● EXERCISE INSTRUCTIONS
Print every record exactly as it appears. Leave the pictures out.

● Data entries
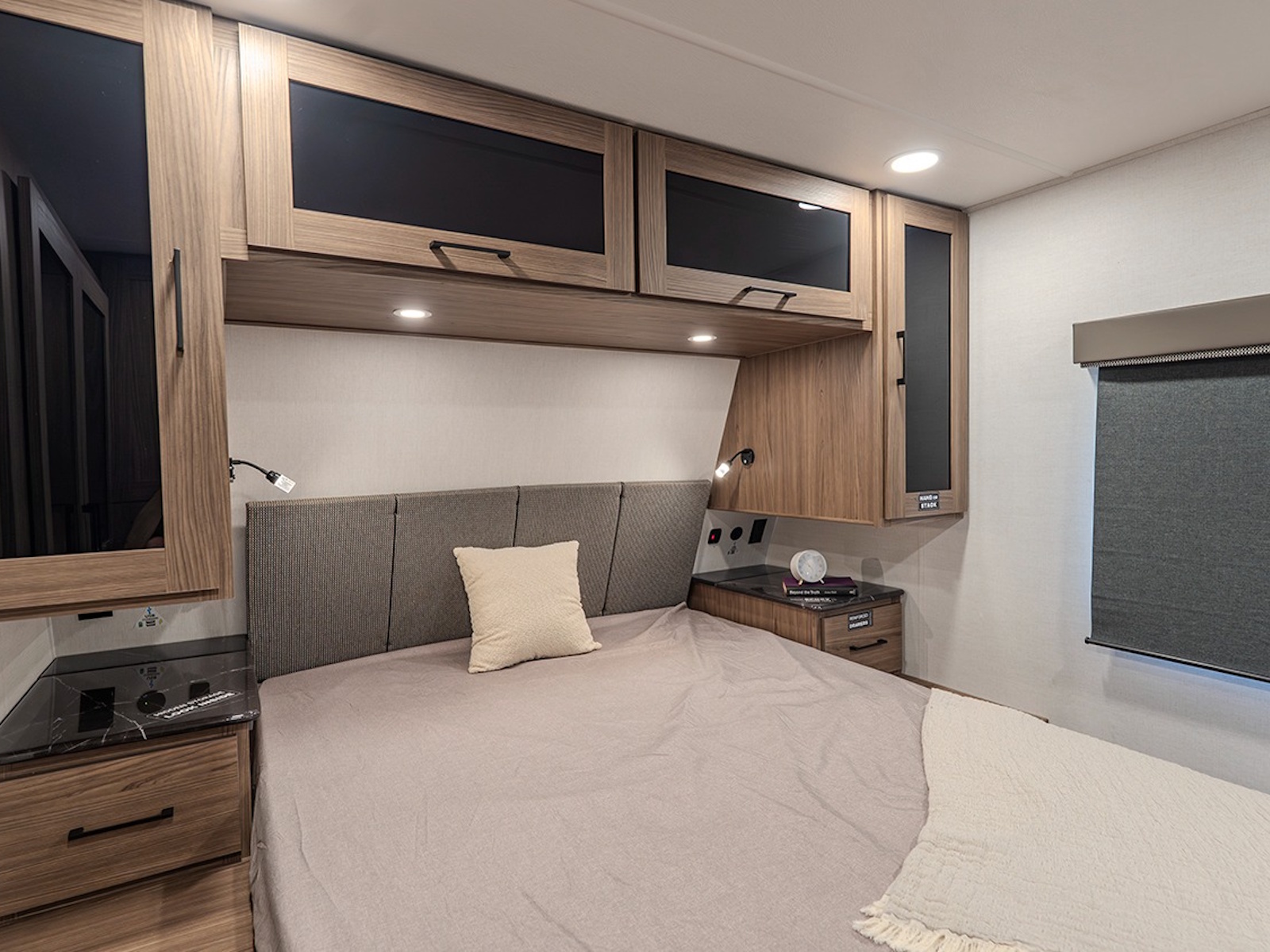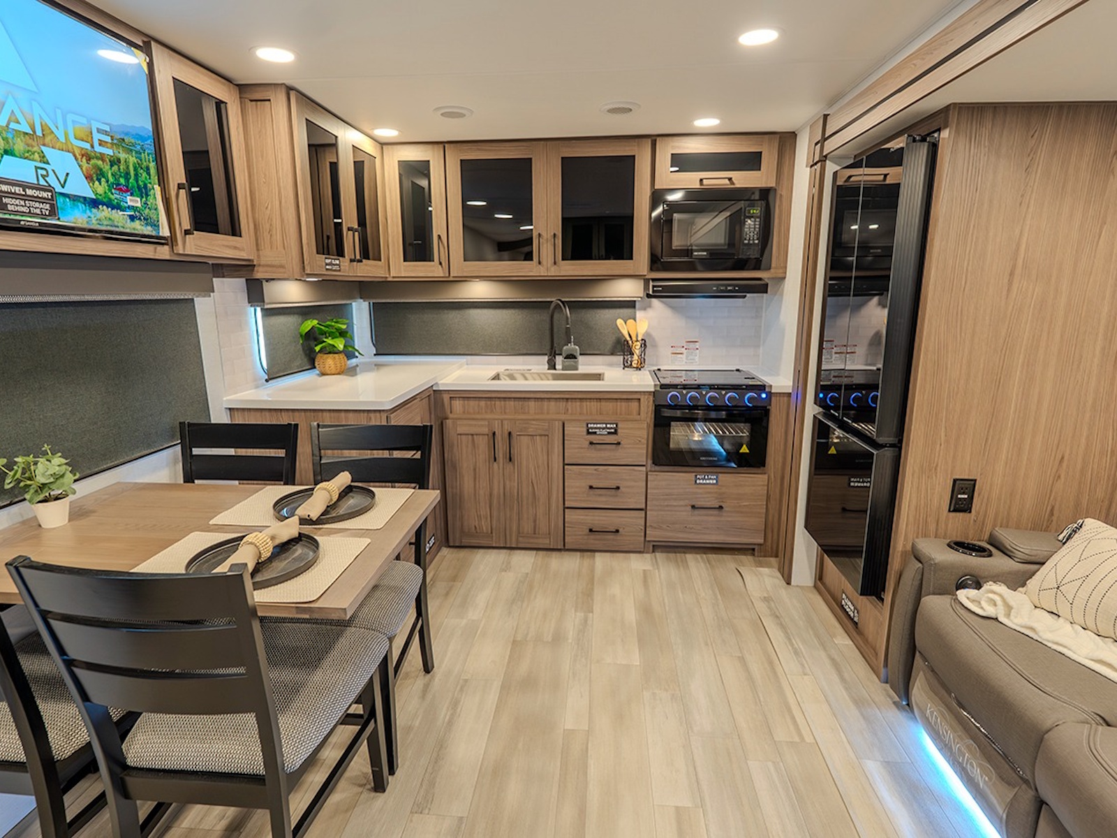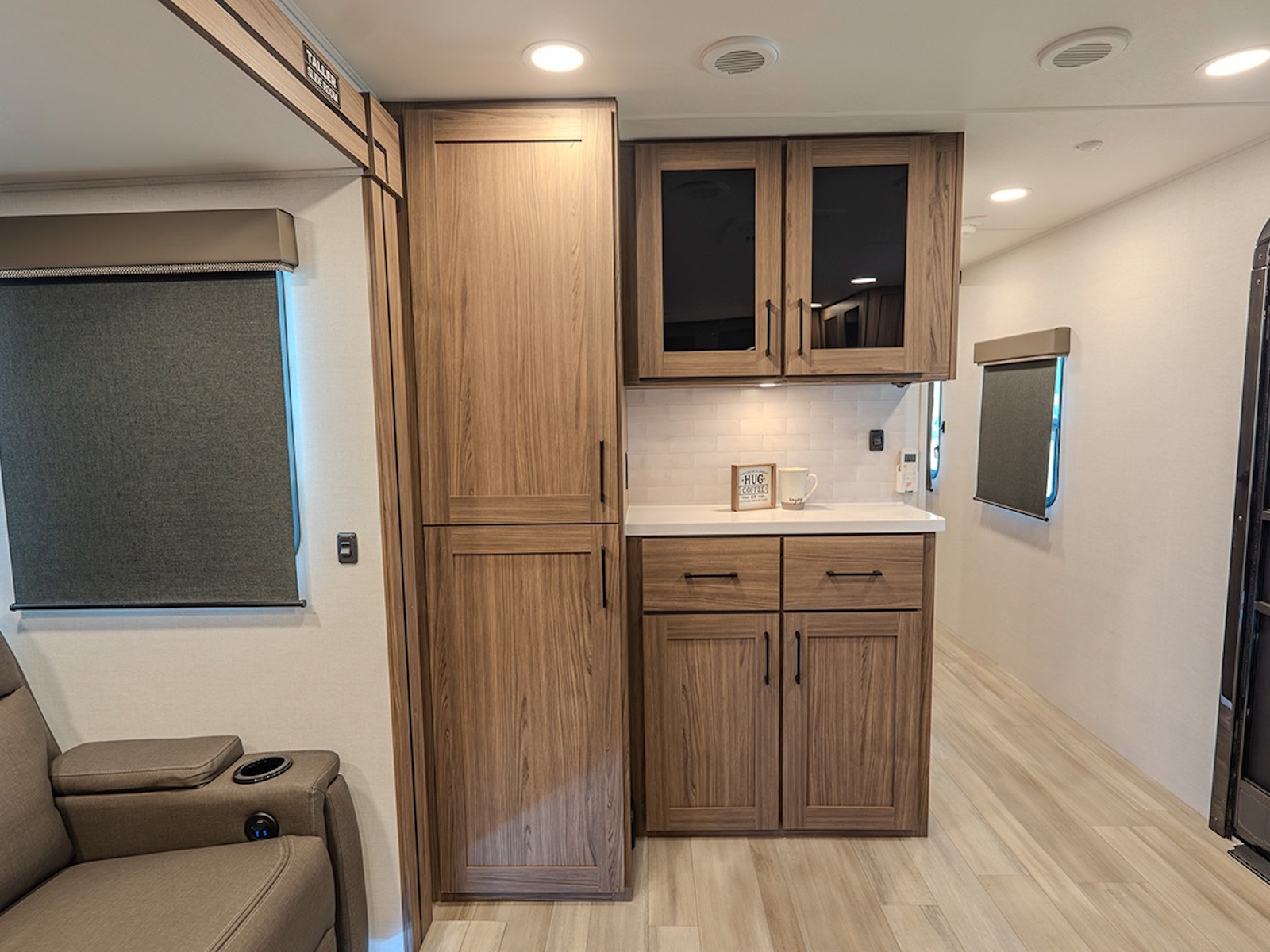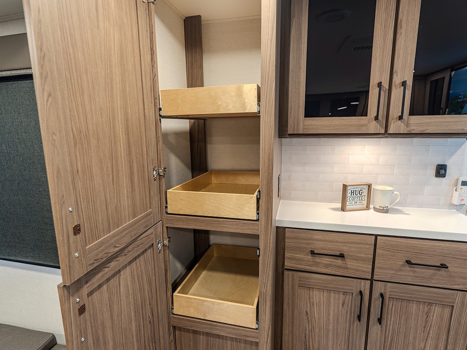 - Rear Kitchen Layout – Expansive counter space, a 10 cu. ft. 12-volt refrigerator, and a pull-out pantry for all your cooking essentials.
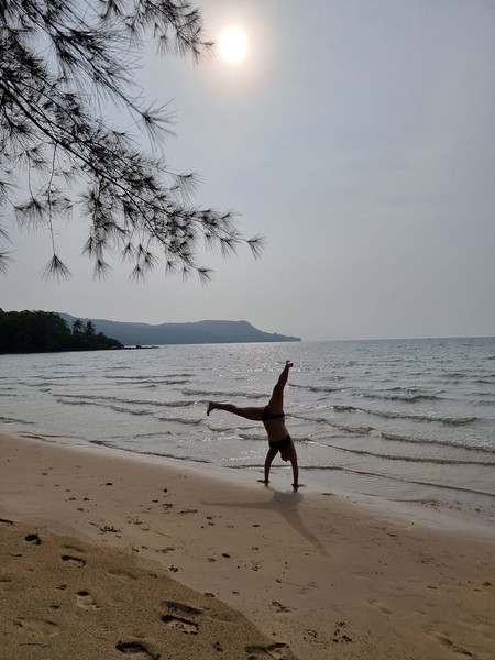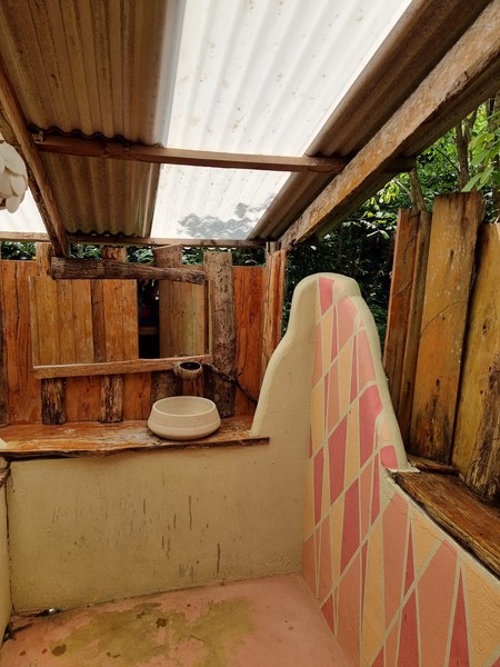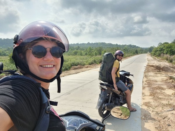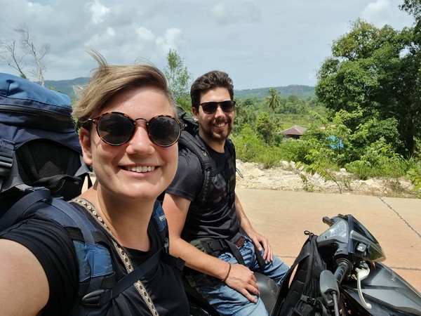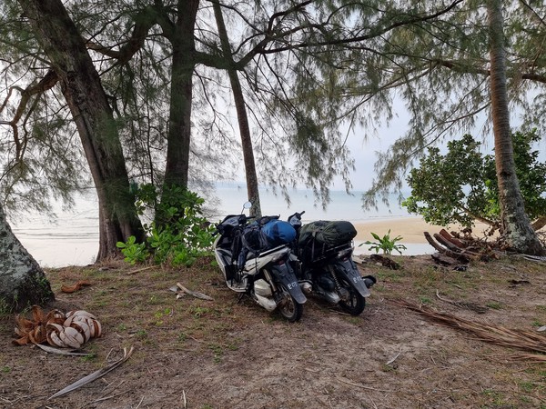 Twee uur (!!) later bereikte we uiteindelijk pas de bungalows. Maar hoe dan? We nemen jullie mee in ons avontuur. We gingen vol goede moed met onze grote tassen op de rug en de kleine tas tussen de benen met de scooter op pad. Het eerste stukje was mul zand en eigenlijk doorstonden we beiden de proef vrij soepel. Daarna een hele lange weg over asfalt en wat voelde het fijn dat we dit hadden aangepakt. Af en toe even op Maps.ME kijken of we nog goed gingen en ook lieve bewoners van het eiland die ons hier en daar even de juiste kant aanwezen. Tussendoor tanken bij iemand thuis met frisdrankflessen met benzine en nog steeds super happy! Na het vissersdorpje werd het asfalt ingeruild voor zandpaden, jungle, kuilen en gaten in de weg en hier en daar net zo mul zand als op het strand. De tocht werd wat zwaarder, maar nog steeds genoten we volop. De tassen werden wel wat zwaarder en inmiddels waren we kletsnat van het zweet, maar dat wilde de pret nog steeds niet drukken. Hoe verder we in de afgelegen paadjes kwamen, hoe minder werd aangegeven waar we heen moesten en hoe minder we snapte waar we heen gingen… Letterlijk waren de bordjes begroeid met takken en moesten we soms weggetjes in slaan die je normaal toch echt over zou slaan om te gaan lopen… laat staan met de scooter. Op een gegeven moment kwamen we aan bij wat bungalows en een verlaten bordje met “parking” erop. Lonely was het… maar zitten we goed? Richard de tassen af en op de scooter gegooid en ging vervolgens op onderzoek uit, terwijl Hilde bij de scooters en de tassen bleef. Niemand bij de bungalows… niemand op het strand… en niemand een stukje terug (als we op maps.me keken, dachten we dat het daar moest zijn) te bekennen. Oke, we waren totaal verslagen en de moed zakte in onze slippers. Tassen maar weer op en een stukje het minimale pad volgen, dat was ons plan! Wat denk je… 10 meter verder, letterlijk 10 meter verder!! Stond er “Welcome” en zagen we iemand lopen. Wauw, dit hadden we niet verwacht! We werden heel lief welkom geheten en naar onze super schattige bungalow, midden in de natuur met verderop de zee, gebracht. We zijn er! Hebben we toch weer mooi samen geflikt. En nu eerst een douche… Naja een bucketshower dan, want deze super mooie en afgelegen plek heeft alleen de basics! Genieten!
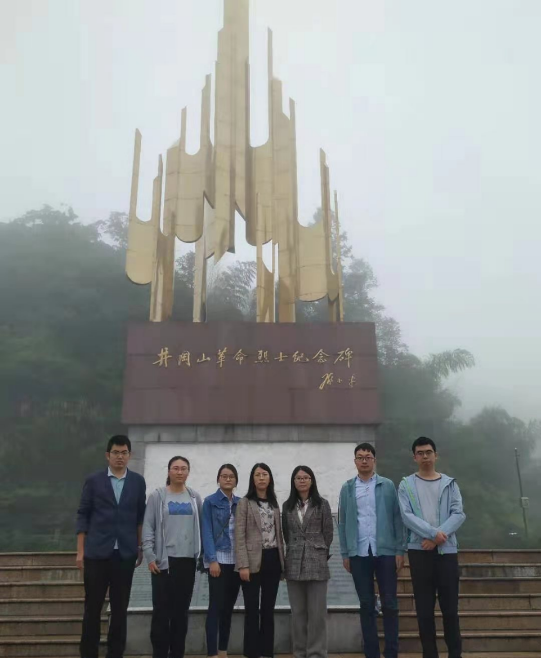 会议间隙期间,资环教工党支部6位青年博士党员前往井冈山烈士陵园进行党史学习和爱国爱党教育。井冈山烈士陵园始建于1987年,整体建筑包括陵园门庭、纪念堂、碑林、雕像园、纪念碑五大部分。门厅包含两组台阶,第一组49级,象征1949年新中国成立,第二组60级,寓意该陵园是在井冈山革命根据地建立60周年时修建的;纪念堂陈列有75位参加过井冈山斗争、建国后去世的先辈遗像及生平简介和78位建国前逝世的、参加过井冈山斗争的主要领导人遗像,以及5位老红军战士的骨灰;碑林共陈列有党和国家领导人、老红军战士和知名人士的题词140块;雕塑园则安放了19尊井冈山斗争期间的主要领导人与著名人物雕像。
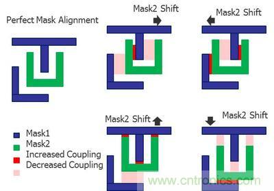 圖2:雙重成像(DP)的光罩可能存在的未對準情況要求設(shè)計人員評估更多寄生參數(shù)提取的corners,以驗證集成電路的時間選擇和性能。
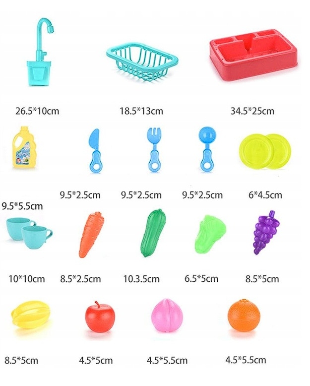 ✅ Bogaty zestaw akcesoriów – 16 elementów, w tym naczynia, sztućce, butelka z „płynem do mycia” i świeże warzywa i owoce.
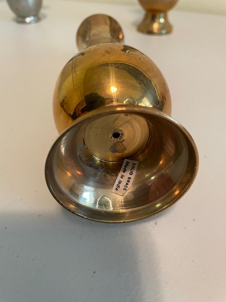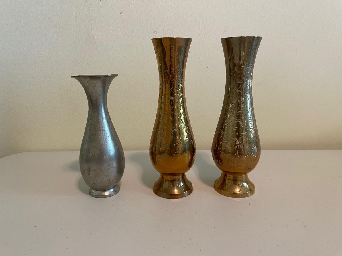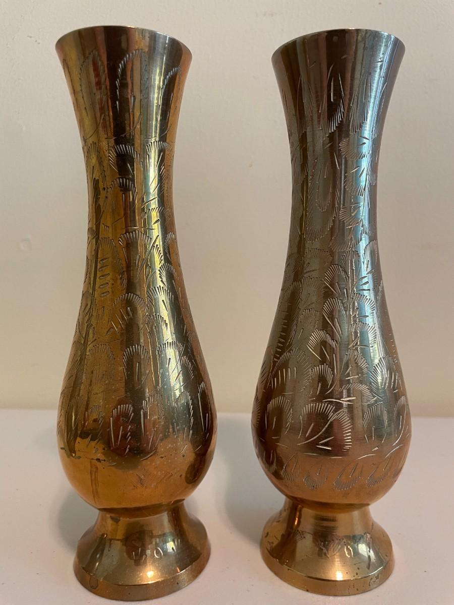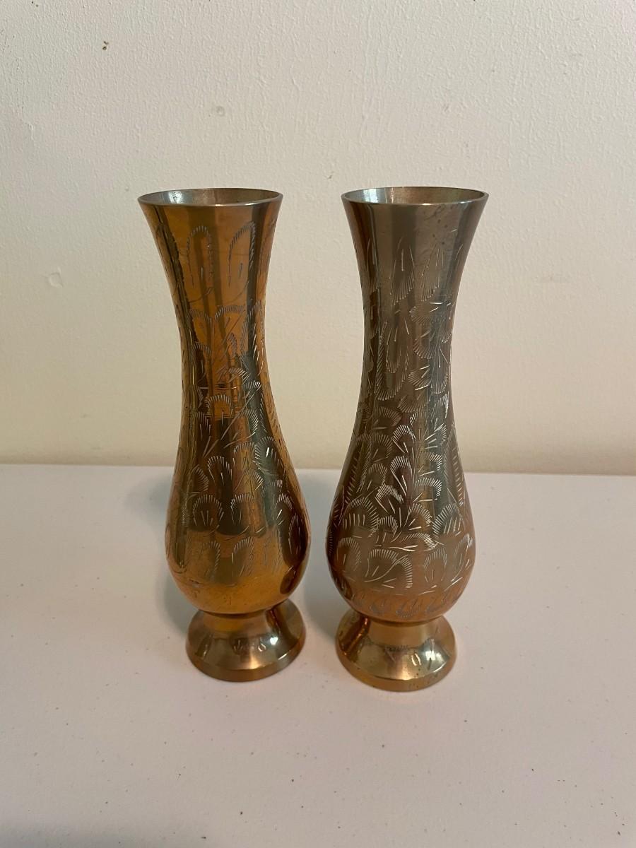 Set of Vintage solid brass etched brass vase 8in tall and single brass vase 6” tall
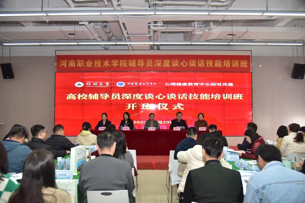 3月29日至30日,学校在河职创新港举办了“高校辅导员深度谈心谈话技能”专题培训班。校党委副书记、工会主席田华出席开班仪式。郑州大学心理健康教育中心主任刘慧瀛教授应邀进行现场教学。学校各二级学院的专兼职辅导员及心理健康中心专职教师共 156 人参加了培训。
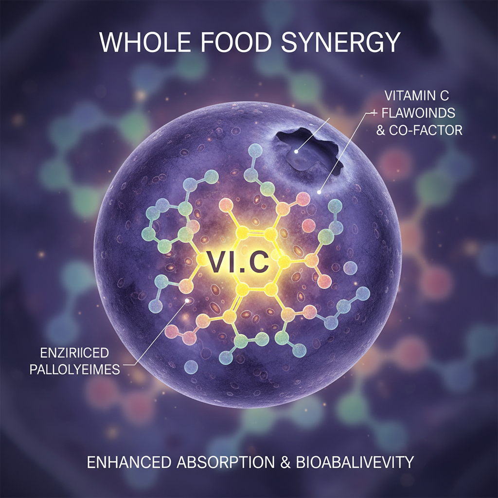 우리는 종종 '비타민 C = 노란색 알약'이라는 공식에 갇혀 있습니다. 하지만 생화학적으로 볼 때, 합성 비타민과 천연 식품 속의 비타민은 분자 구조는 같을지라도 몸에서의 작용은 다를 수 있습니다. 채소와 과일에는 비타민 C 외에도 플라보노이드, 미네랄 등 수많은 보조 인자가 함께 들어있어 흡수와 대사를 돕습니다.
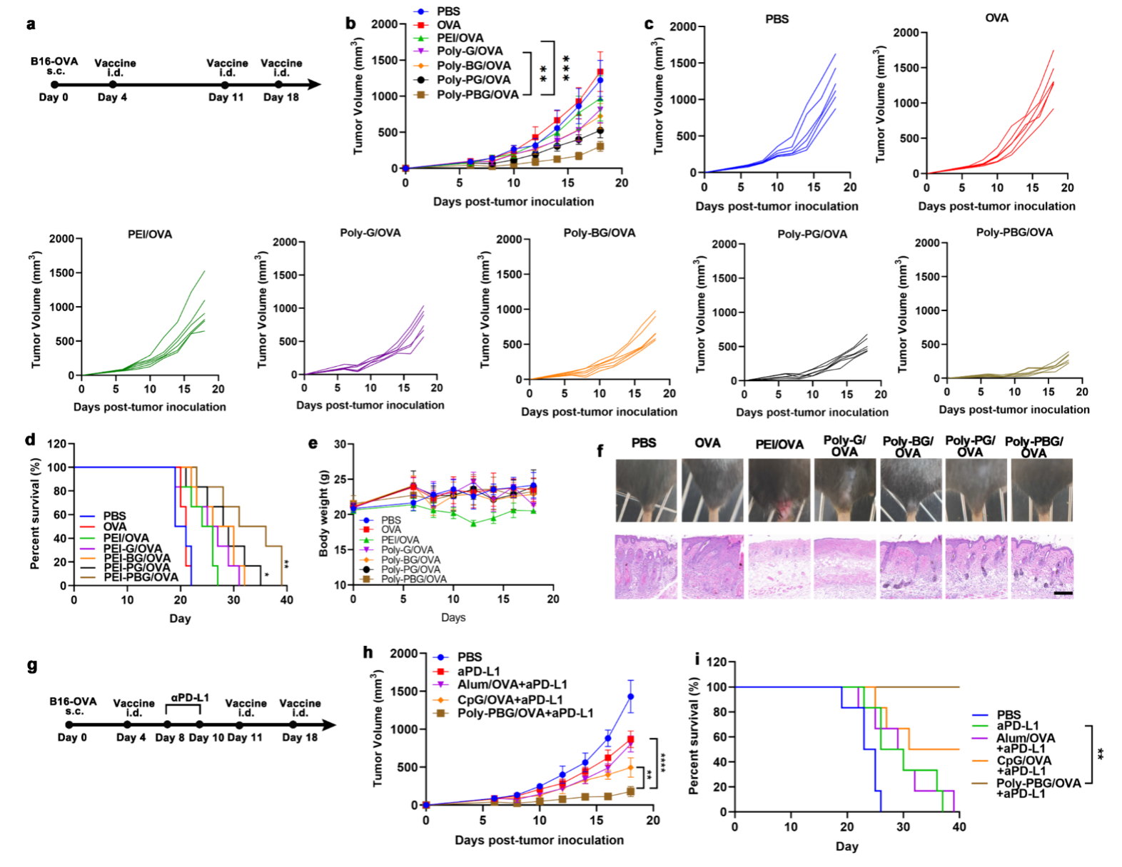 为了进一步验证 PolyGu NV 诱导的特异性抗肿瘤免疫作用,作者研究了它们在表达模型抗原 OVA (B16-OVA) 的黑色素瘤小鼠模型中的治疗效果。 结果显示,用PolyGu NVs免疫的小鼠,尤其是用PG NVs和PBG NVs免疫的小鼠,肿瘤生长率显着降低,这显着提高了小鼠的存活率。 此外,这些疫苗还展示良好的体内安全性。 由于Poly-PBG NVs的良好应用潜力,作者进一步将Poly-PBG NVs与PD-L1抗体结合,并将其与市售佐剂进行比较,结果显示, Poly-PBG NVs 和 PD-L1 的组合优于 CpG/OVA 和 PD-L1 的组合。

● REPLY
 - Rear Kitchen Layout – Expansive counter space, a 10 cu. ft. 12-volt refrigerator, and a pull-out pantry for all your cooking essentials.
 Twee uur (!!) later bereikte we uiteindelijk pas de bungalows. Maar hoe dan? We nemen jullie mee in ons avontuur. We gingen vol goede moed met onze grote tassen op de rug en de kleine tas tussen de benen met de scooter op pad. Het eerste stukje was mul zand en eigenlijk doorstonden we beiden de proef vrij soepel. Daarna een hele lange weg over asfalt en wat voelde het fijn dat we dit hadden aangepakt. Af en toe even op Maps.ME kijken of we nog goed gingen en ook lieve bewoners van het eiland die ons hier en daar even de juiste kant aanwezen. Tussendoor tanken bij iemand thuis met frisdrankflessen met benzine en nog steeds super happy! Na het vissersdorpje werd het asfalt ingeruild voor zandpaden, jungle, kuilen en gaten in de weg en hier en daar net zo mul zand als op het strand. De tocht werd wat zwaarder, maar nog steeds genoten we volop. De tassen werden wel wat zwaarder en inmiddels waren we kletsnat van het zweet, maar dat wilde de pret nog steeds niet drukken. Hoe verder we in de afgelegen paadjes kwamen, hoe minder werd aangegeven waar we heen moesten en hoe minder we snapte waar we heen gingen… Letterlijk waren de bordjes begroeid met takken en moesten we soms weggetjes in slaan die je normaal toch echt over zou slaan om te gaan lopen… laat staan met de scooter. Op een gegeven moment kwamen we aan bij wat bungalows en een verlaten bordje met “parking” erop. Lonely was het… maar zitten we goed? Richard de tassen af en op de scooter gegooid en ging vervolgens op onderzoek uit, terwijl Hilde bij de scooters en de tassen bleef. Niemand bij de bungalows… niemand op het strand… en niemand een stukje terug (als we op maps.me keken, dachten we dat het daar moest zijn) te bekennen. Oke, we waren totaal verslagen en de moed zakte in onze slippers. Tassen maar weer op en een stukje het minimale pad volgen, dat was ons plan! Wat denk je… 10 meter verder, letterlijk 10 meter verder!! Stond er “Welcome” en zagen we iemand lopen. Wauw, dit hadden we niet verwacht! We werden heel lief welkom geheten en naar onze super schattige bungalow, midden in de natuur met verderop de zee, gebracht. We zijn er! Hebben we toch weer mooi samen geflikt. En nu eerst een douche… Naja een bucketshower dan, want deze super mooie en afgelegen plek heeft alleen de basics! Genieten!
 会议间隙期间,资环教工党支部6位青年博士党员前往井冈山烈士陵园进行党史学习和爱国爱党教育。井冈山烈士陵园始建于1987年,整体建筑包括陵园门庭、纪念堂、碑林、雕像园、纪念碑五大部分。门厅包含两组台阶,第一组49级,象征1949年新中国成立,第二组60级,寓意该陵园是在井冈山革命根据地建立60周年时修建的;纪念堂陈列有75位参加过井冈山斗争、建国后去世的先辈遗像及生平简介和78位建国前逝世的、参加过井冈山斗争的主要领导人遗像,以及5位老红军战士的骨灰;碑林共陈列有党和国家领导人、老红军战士和知名人士的题词140块;雕塑园则安放了19尊井冈山斗争期间的主要领导人与著名人物雕像。
 圖2:雙重成像(DP)的光罩可能存在的未對準情況要求設(shè)計人員評估更多寄生參數(shù)提取的corners,以驗證集成電路的時間選擇和性能。
 ✅ Bogaty zestaw akcesoriów – 16 elementów, w tym naczynia, sztućce, butelka z „płynem do mycia” i świeże warzywa i owoce.
 Set of Vintage solid brass etched brass vase 8in tall and single brass vase 6” tall
 3月29日至30日,学校在河职创新港举办了“高校辅导员深度谈心谈话技能”专题培训班。校党委副书记、工会主席田华出席开班仪式。郑州大学心理健康教育中心主任刘慧瀛教授应邀进行现场教学。学校各二级学院的专兼职辅导员及心理健康中心专职教师共 156 人参加了培训。
 우리는 종종 '비타민 C = 노란색 알약'이라는 공식에 갇혀 있습니다. 하지만 생화학적으로 볼 때, 합성 비타민과 천연 식품 속의 비타민은 분자 구조는 같을지라도 몸에서의 작용은 다를 수 있습니다. 채소와 과일에는 비타민 C 외에도 플라보노이드, 미네랄 등 수많은 보조 인자가 함께 들어있어 흡수와 대사를 돕습니다.
 为了进一步验证 PolyGu NV 诱导的特异性抗肿瘤免疫作用,作者研究了它们在表达模型抗原 OVA (B16-OVA) 的黑色素瘤小鼠模型中的治疗效果。 结果显示,用PolyGu NVs免疫的小鼠,尤其是用PG NVs和PBG NVs免疫的小鼠,肿瘤生长率显着降低,这显着提高了小鼠的存活率。 此外,这些疫苗还展示良好的体内安全性。 由于Poly-PBG NVs的良好应用潜力,作者进一步将Poly-PBG NVs与PD-L1抗体结合,并将其与市售佐剂进行比较,结果显示, Poly-PBG NVs 和 PD-L1 的组合优于 CpG/OVA 和 PD-L1 的组合。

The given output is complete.